Computability (Solvability)

1
Computability (Solvability)

• Can all functions be computed?

2
Clock example

• Your Job
• Let me know as soon as the clock stops.
• Let me know as soon as the clock never stops.
• Which one of these is not possible?

3
Does this loop end?

• Repeat as long as X is not equal to 0
• Add one to X
• ?  If the initial value of X is 0. Since X is
  already 0, the whole loop is skipped (no
  statements are repeated).
• ?  If the initial value of X is a negative
  integer. The loop will end when X becomes 0.
• ?  If the initial value of X is greater than 0
  the loop will never end since there are an
  infinite number of integers greater than 0.

4
Halting problem

• Can we construct an algorithm A that would take
  any program P (and P's input) as input. A should
  determine if P halts
• If P stops print P halts.
• If P does not stop (infinite loop)
• print P does not halt.

5
How about these?

• If P stops print hello
• If P does not stop print see you later
• If P does not stop do nothing (undefined)
• If P stops print see you later
• If P stops do nothing
• If P does not stop print see you later

6
continued

• The non computable example above is known as the
  Halting Problem and it cannot be solved.
• The Church-Turing thesis stated conditions which
  a function must satisfy in order to be
  computable.
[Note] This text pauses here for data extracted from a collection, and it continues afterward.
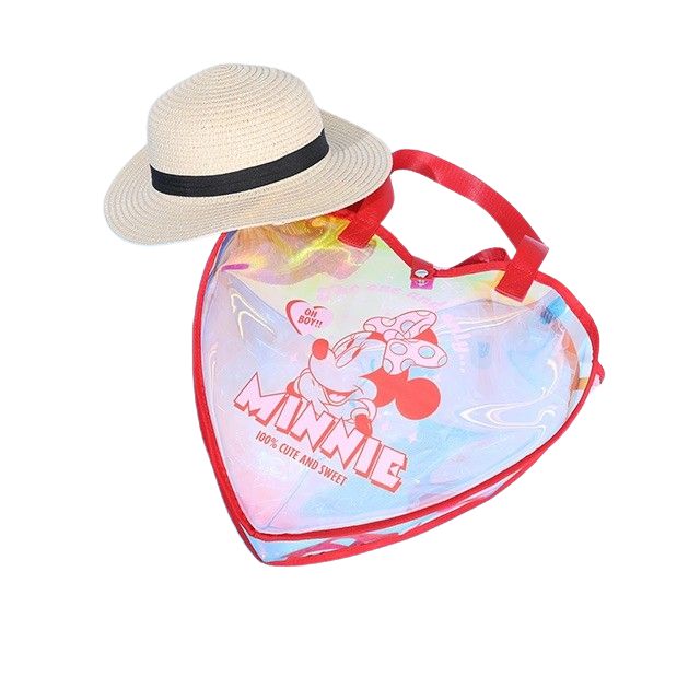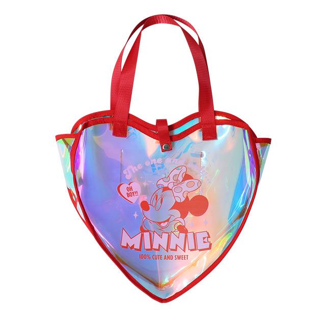 キュートなハートの形とキラキラと輝くオーロラフィルムが存在感抜群のクリアバッグ♪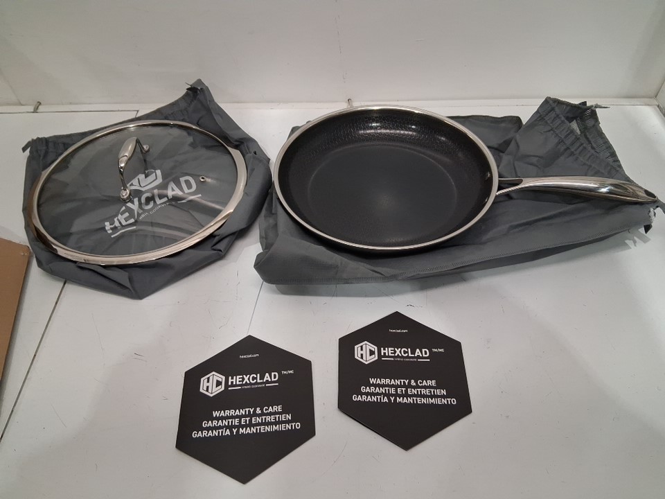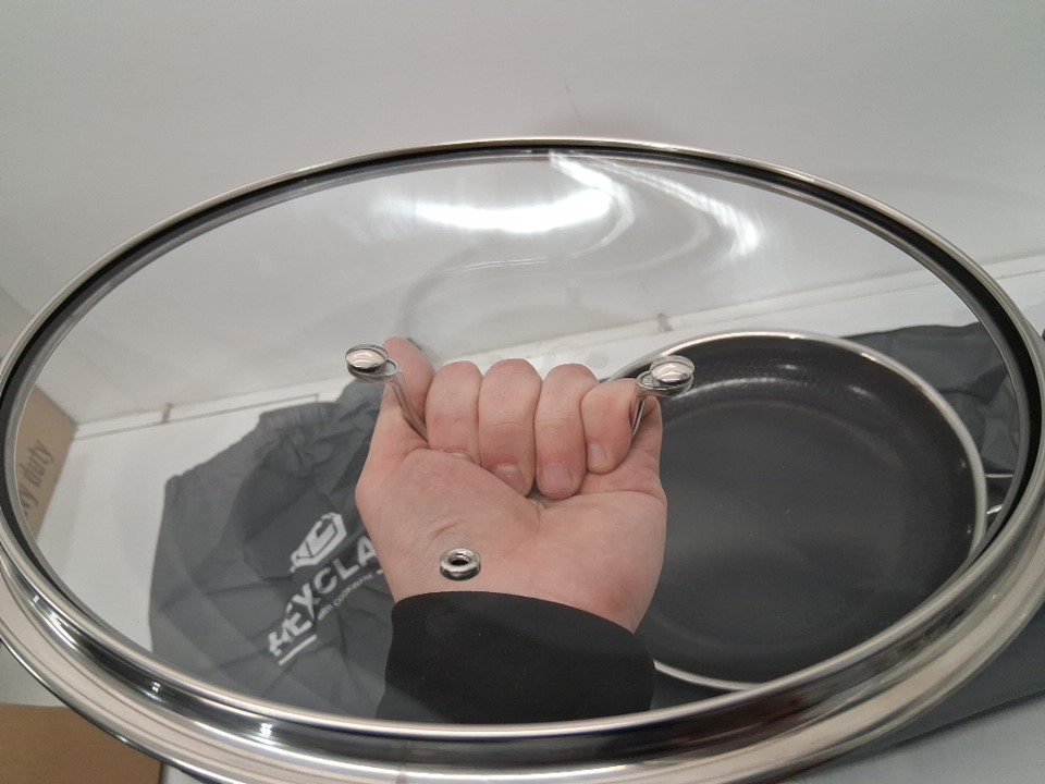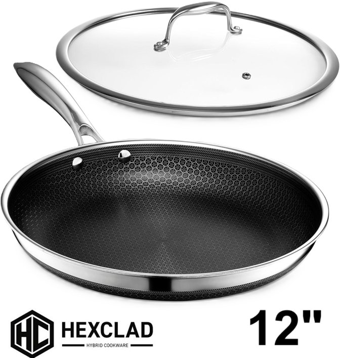 HExclad hybrid premium nonstick cooking pan with glass lid - 12" - black/silver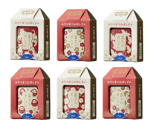 箱型のお守り型パッケージを採用した消しゴム。本体が削れることで徐々に富士山が形作られていく。多孔質セラミックスパウダーを練り込んだエアインの成分を使用しており、軽く、快適な消し心地。消しゴムケースは赤とベージュ基調のシックなデザインで、縁起の良いモチーフ(猫、梅、鳩、だるま、白椿、菊の計6種類)をラインナップ。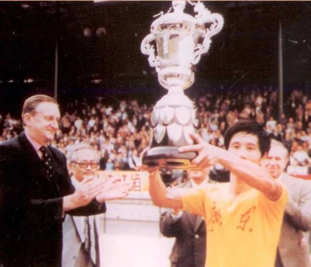 1979年,广东队队长何佳在香港捧起首届省港杯冠军奖杯。图源网络
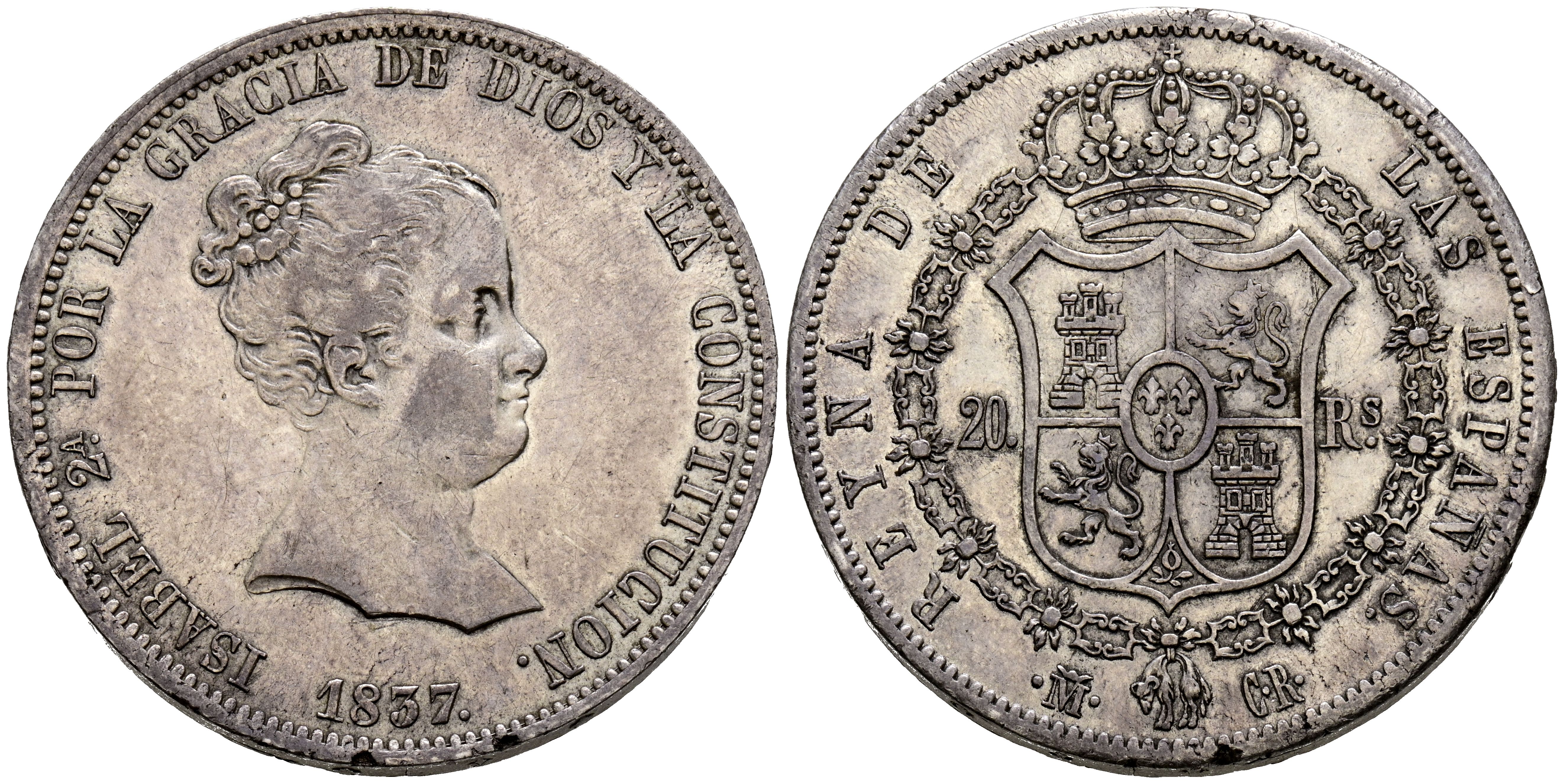 ELIZABETH II (1833-1868). 20 Reales (Ar. 26.94g/37mm). 1837. Madrid CR (Cal-2019-581). Constitution on reverse. Very Fine. Nice tone. Strange.

It is named after Alonzo Church and
  Alan Turing.
• This question concerned mathematicians even
  before digital computers were in developed. In
  particular, during the 1930's much work was
  devoted to this.

7
Another Unsolvable Problem

• Problem Construct an algorithm that would
  figure out the steps needed to perform any task
  asked of it.
• This is also unsolvable. It is not possible to
  construct an algorithm that would, on its own,
  construct an algorithm to solve a random problem.